我正在使用neo4j解决实时规范化问题。假设我有来自2个不同来源的3个地点。一个来源45给了我2个实际上是重复的地方,而一个来源55给了我1个正确的标识符。然而,对于任何地点标识符(无论是否重复),我都希望通过提供标识符的唯一性找到最接近的一组地点。我的数据如下:
CREATE (a: Place {feedId:45, placeId: 123, name:"Empire State", address: "350 5th Ave", city: "New York", state: "NY", zip: "10118" })
CREATE (b: Place {feedId:45, placeId: 456, name:"Empire State Building", address: "350 5th Ave", city: "New York", state: "NY"})

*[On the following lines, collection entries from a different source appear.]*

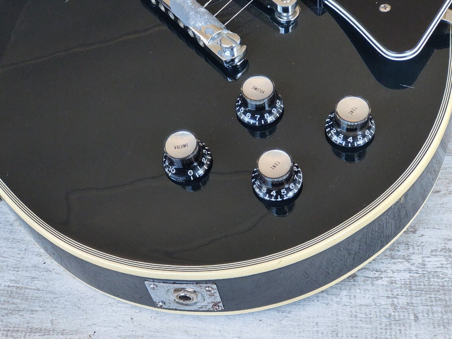 Made in Japan in 1973, these were some of the earlier model Les Paul Custom replicas sold by Greco and have a bolt on neck and solid pancake body. Weighing just under 4kg's and loaded with a pair of Maxon humbuckers, these sound and play great with a slim neck profile and plenty of sustain.
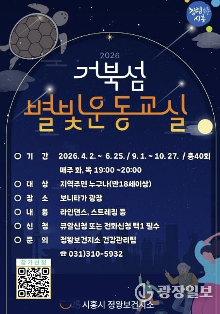광장일보 주재영 기자 | 시흥시는 지역주민의 신체활동 증진과 생활터 중심의 건강관리 지원을 위해 오는 4월 2일부터 거북섬동 보니타가 광장(MTV 3호광장)에서 ‘2026년 거북섬 별빛운동교실’을 운영한다.
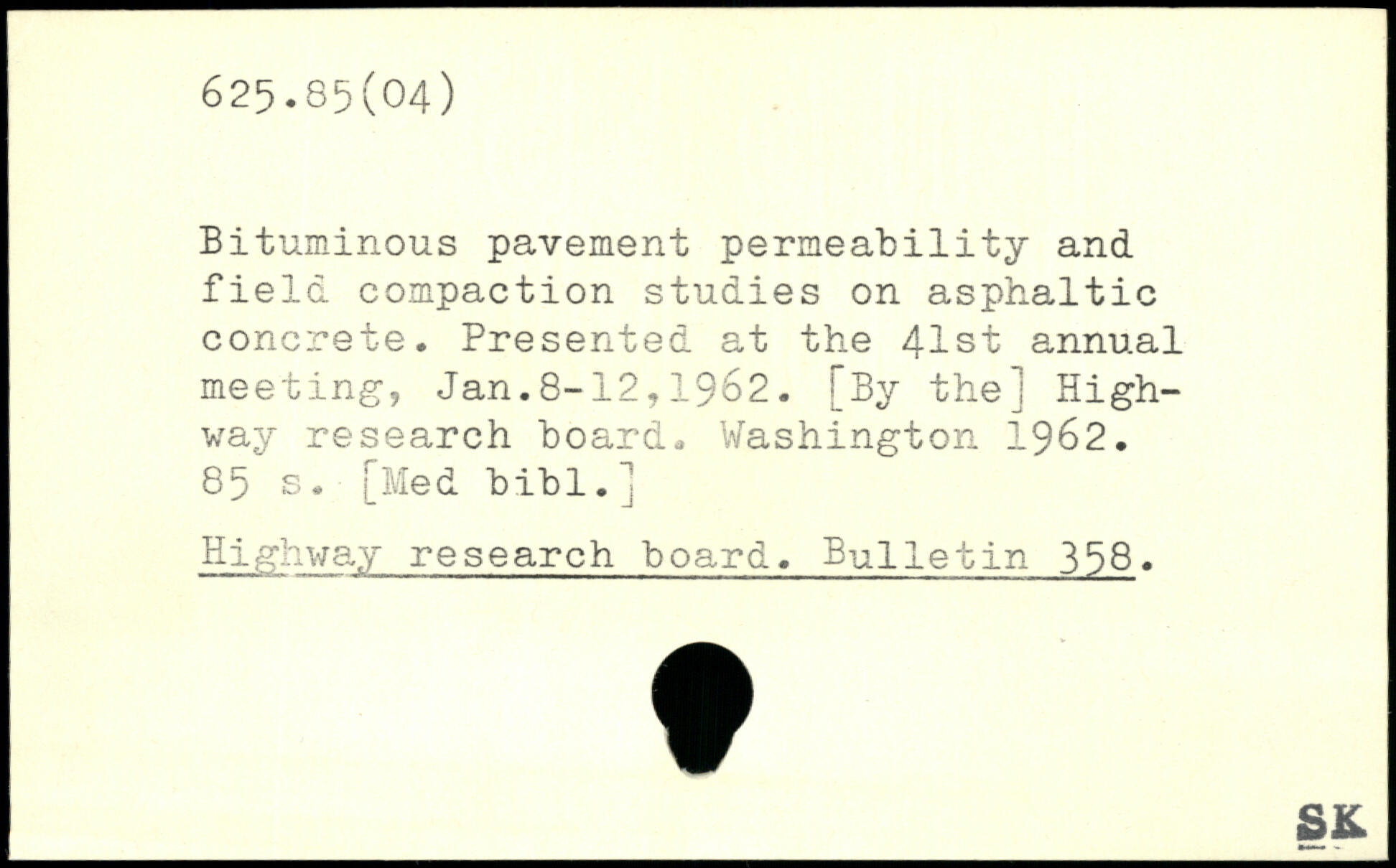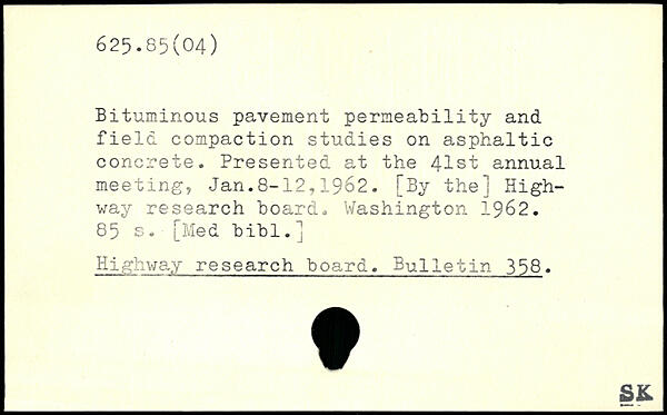 Bituminous pavement permeability and field compaction studies on asphaltic concrete. Presented at the 41st annual meeting, Jan.8-12,1962.
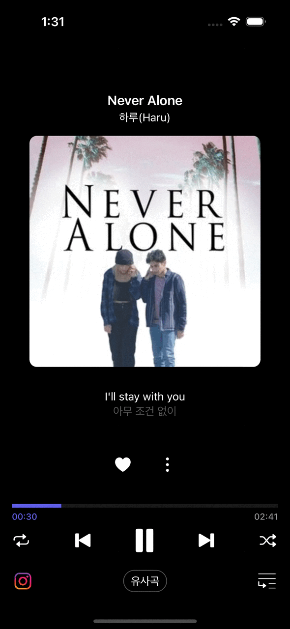 이렇게 Seekbar 클래스가 완성되었다. Seekbar는 PlayerController와 LyricsContoller에 서로 다른 인스턴스로 각각 적용했다.
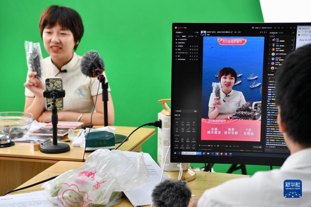 主播在福建省霞浦縣“趕海父子”直播間介紹當(dāng)?shù)厥a(chǎn)的海參(8月10日攝)。
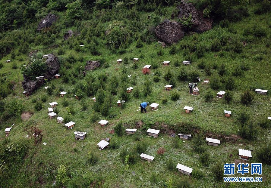 5月10日,在甘肅省隴南市徽縣大河店鎮(zhèn)硬灣村,蜂農(nóng)查看蜂箱情況(無人機(jī)拍攝)。 甘肅省隴南市徽縣大河店鎮(zhèn)硬灣村位于秦巴山區(qū)深處,2017年,在當(dāng)?shù)卣姆龀窒?,龍崖老巢蜜養(yǎng)殖農(nóng)民專業(yè)合作社成立,蜂農(nóng)們將傳統(tǒng)養(yǎng)蜂技藝和現(xiàn)代加工方式相結(jié)合,并通過電商等渠道打開銷路,有效帶動了當(dāng)?shù)刎毨Т迕衩撠氈赂?。目前整個合作社共有蜂箱2000余個,每箱每年可帶來三四千元的收入。 新華社記者 馬寧 攝
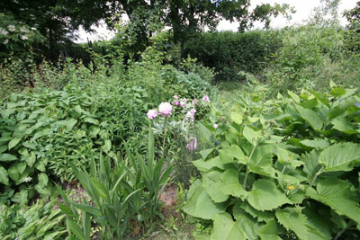 Niet zo heel veel verder ligt biologische burentuin De Wilgenhof. Langs het spoor in de wijk Nieuw-Engeland. Een tref: er is open dag. Een inspirerende tuin met ruim liggende tuintjes voor de leden, een mooi gemeenschappelijk deel met bijna dichtgegroeide vijvers vol planten, bankjes, een vuurplaats en een prettige schuur met keukentje. ‘In 12 jaar opgebouwd’, zo vertelt Ingeborg: ‘Leden verplichten zich tot twee samenwerkdagen per maand voor het gemeenschappelijke deel van de tuin. Samen delen, samen eten. We onderhouden ook paden en de speciale compostwal. Daar huizen insecten, die vogels, egels, hagedissen, ratten en muizen aantrekken. We cultiveren niet alles!’ Het is heerlijk om een pannenkoek te eten, belegd met rode melde (blaadjes) en vlierbloesem! Ook slecht nieuws: de tuin verdwijnt voor de helft onder de spoorverdubbeling tussen Leidsche Rijn en Utrecht Centraal.
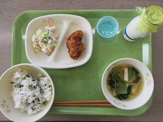 今日は3-2のリクエスト給食です。唐揚げは、唐揚げ用の鶏肉を、にんにく、しょうが、しょうゆ、酒、澱粉、揚げ油で味付けしました。肉の厚さと、あっさりとした味付けがよかったです。このおいしい唐揚げは、すべて長野県産の鶏肉を使用しているとのことで、長野県民であることを誇りに思う一品でした。
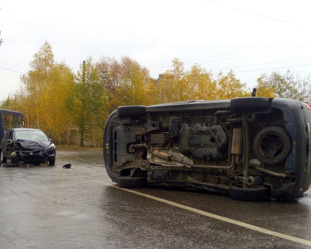 Сегодня в Краматорске, на улице Хабаровской, около 11 часов дня произошло столкновение автомобилей "Пежо" и "Хонда", в результате которого одна из машин оказалась лежащей на боку.
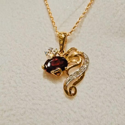 Золотая подвеска с бриллиантами природными и гранатами природными
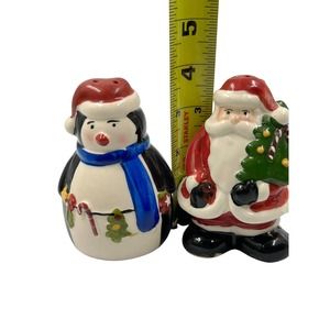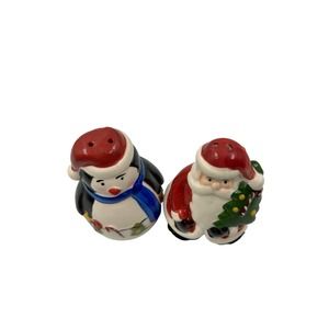 Holiday Christmas Santa and Penguin salt and pepper shakers. No chips or cracks.
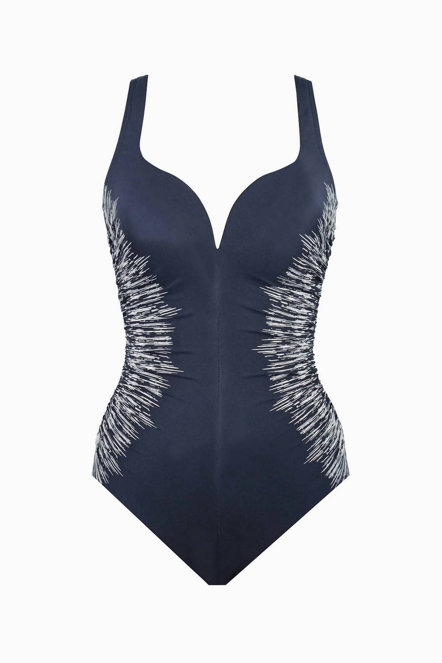 This one piece fits like a glove and covers all the right areas. Introducing the Miraclesuit Temptress One Piece Swimsuit in a striking Midnight Blue and white paisley pattern, designed to sculpt and slim for an enviable silhouette. This swimsuit features a soft cup bra accommodating up to a D-cup, a curved V-neckline, fixed straps, and a scoop back for a sleek and supportive fit. Made with a combination of Miratex fabric, 69% nylon and 31% LYCRA® spandex drape, and 84% nylon and 16% LYCRA® spandex body, it offers allover body control and an hourglass effect with engineered print and side shirring. Perfect for a summertime beach day, this piece embodies athleisure chic and full coverage support.

CREATE (c: Place {feedId:55, placeId: 789, name:"Empire State", address: "350 5th Ave", city: "New York", state: "NY", zip: "10118"})
我通过匹配节点将这些节点连接起来,以便对数据进行一些规范化。例如:
MERGE (m1: Matching:NameAndCity { attr: "EmpireStateBuildingNewYork", cost: 5.0 })
MERGE (a)-[:MATCHES]-(m1)
MERGE (b)-[:MATCHES]-(m1)
MERGE (c)-[:MATCHES]-(m1)
MERGE (m2: Matching:CityAndZip { attr: "NewYork10118", cost: 7.0 })
MERGE (a)-[:MATCHES]-(m2)
MERGE (c)-[:MATCHES]-(m2)
当我想查找与起始位置ID最接近的匹配项时,可以对所有从起始节点开始的路径进行匹配,并按成本排名,例如:
MATCH p=(a:Place {placeId:789, feedId:55})-[*..4]-(d:Place)
WHERE NONE (n IN nodes(p)
WHERE size(filter(x IN nodes(p)
WHERE n = x))> 1)
WITH p,
reduce(costAccum = 0, n in filter(n in nodes(p) where has(n.cost)) | costAccum+n.cost) AS costAccum
order by costAccum
RETURN p, costAccum
然而,由于到达相同位置有多条路径,因此当像这样查询时,我会获得多个复制的节点。是否可能收集节点及其成本,然后仅返回不同的子集(例如,给我从feed 45和55中获取的最佳结果)?
我应该如何返回一组不同的路径,按成本排名,并按feed标识符唯一?我的问题结构是否有误?
请帮忙!